** Problem requirements **
Starting with the line that has "Na wykresie 4-godzinnym, cena" in the records below and ending with the line that has "Drucke Tausende von", output those lines exactly and nothing more; omit the pictures.

** The input **
((
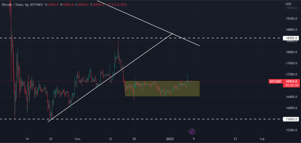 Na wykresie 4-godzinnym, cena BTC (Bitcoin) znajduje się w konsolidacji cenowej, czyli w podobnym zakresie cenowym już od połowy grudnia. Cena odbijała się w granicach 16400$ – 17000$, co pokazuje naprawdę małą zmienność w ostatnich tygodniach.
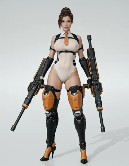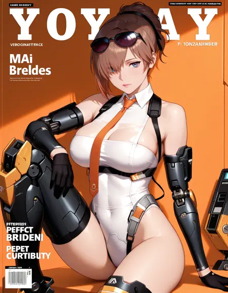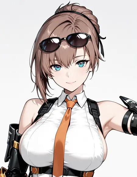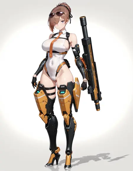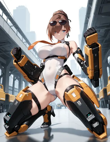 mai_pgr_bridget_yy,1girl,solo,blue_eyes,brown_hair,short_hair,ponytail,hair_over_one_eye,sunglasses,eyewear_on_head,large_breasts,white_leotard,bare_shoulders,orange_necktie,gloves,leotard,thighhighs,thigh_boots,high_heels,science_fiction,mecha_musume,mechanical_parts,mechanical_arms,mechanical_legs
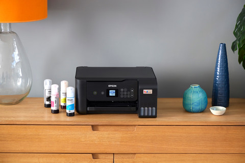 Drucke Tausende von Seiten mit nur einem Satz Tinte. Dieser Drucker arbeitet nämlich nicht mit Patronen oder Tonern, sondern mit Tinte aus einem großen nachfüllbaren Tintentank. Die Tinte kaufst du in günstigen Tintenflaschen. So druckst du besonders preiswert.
))
((
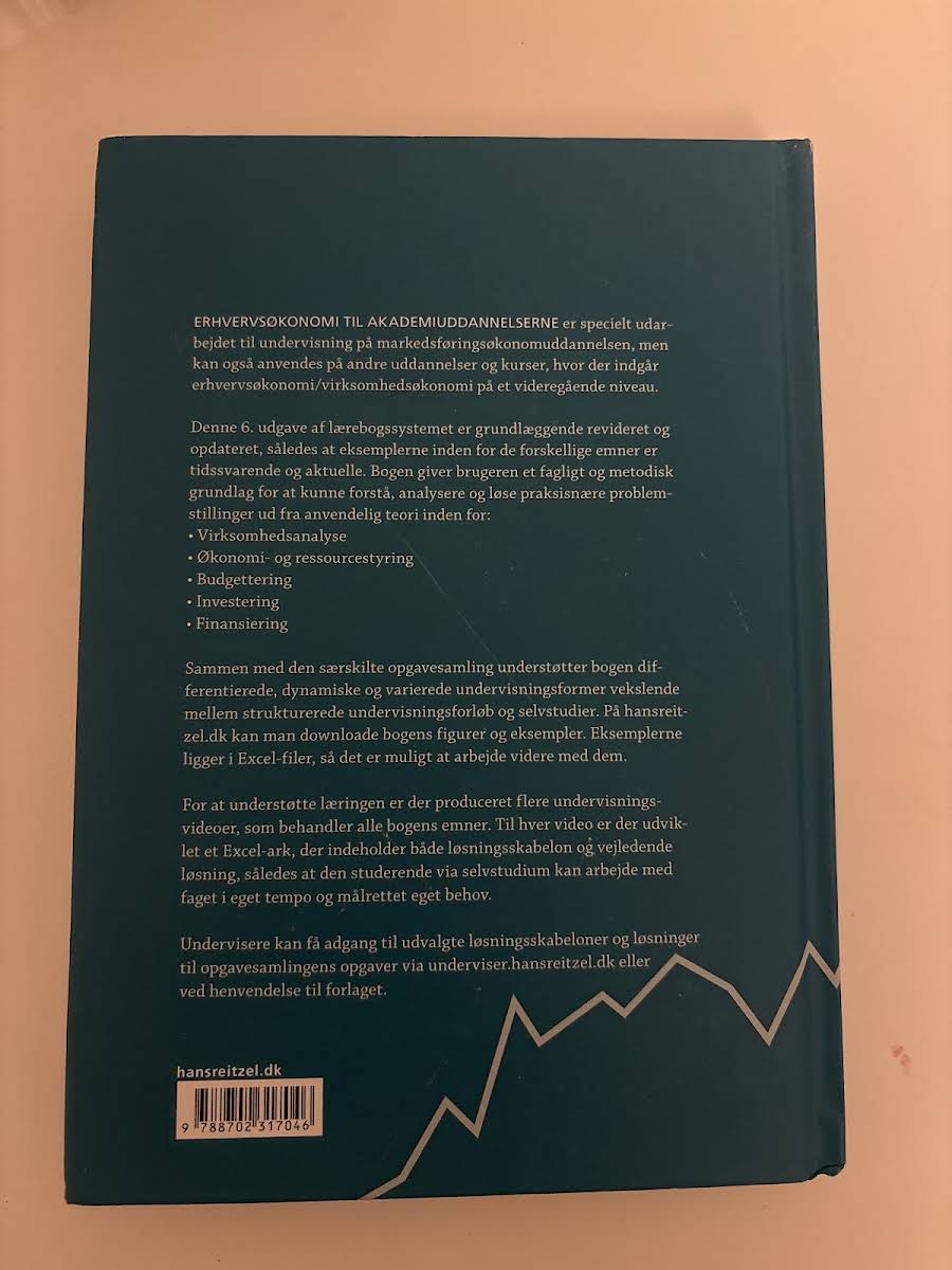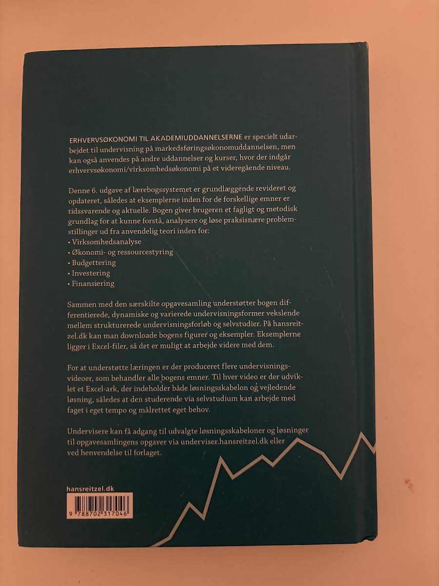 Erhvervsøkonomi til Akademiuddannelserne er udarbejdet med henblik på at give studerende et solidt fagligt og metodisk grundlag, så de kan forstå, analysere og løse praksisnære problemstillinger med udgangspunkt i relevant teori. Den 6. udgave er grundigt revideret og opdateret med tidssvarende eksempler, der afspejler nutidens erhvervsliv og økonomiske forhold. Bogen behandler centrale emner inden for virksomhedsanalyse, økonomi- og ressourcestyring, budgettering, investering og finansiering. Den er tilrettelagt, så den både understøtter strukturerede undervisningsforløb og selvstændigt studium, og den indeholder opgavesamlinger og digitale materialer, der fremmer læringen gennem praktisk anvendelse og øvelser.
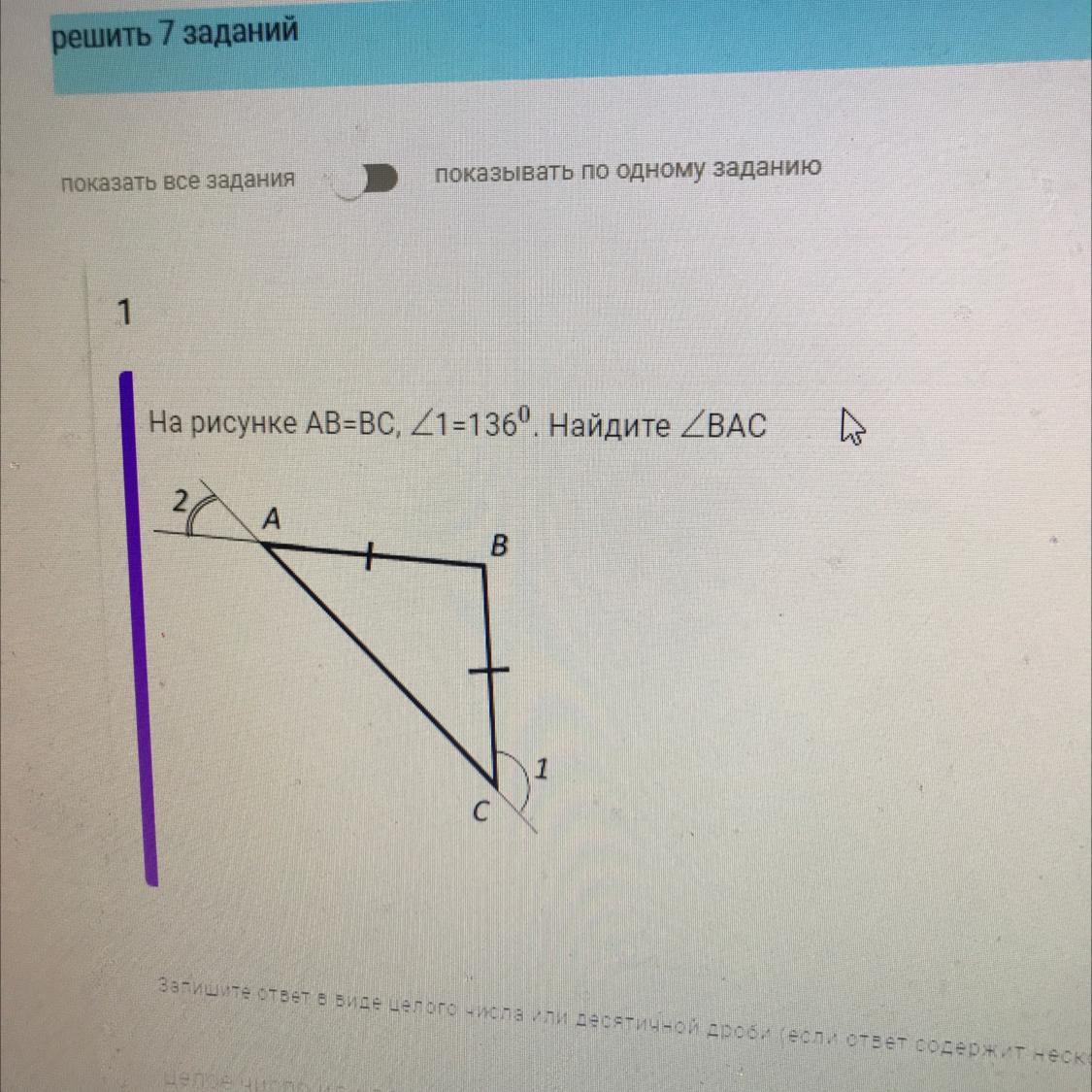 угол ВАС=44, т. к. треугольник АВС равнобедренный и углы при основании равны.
))
** Result **
 Na wykresie 4-godzinnym, cena BTC (Bitcoin) znajduje się w konsolidacji cenowej, czyli w podobnym zakresie cenowym już od połowy grudnia. Cena odbijała się w granicach 16400$ – 17000$, co pokazuje naprawdę małą zmienność w ostatnich tygodniach.
 mai_pgr_bridget_yy,1girl,solo,blue_eyes,brown_hair,short_hair,ponytail,hair_over_one_eye,sunglasses,eyewear_on_head,large_breasts,white_leotard,bare_shoulders,orange_necktie,gloves,leotard,thighhighs,thigh_boots,high_heels,science_fiction,mecha_musume,mechanical_parts,mechanical_arms,mechanical_legs
 Drucke Tausende von Seiten mit nur einem Satz Tinte. Dieser Drucker arbeitet nämlich nicht mit Patronen oder Tonern, sondern mit Tinte aus einem großen nachfüllbaren Tintentank. Die Tinte kaufst du in günstigen Tintenflaschen. So druckst du besonders preiswert.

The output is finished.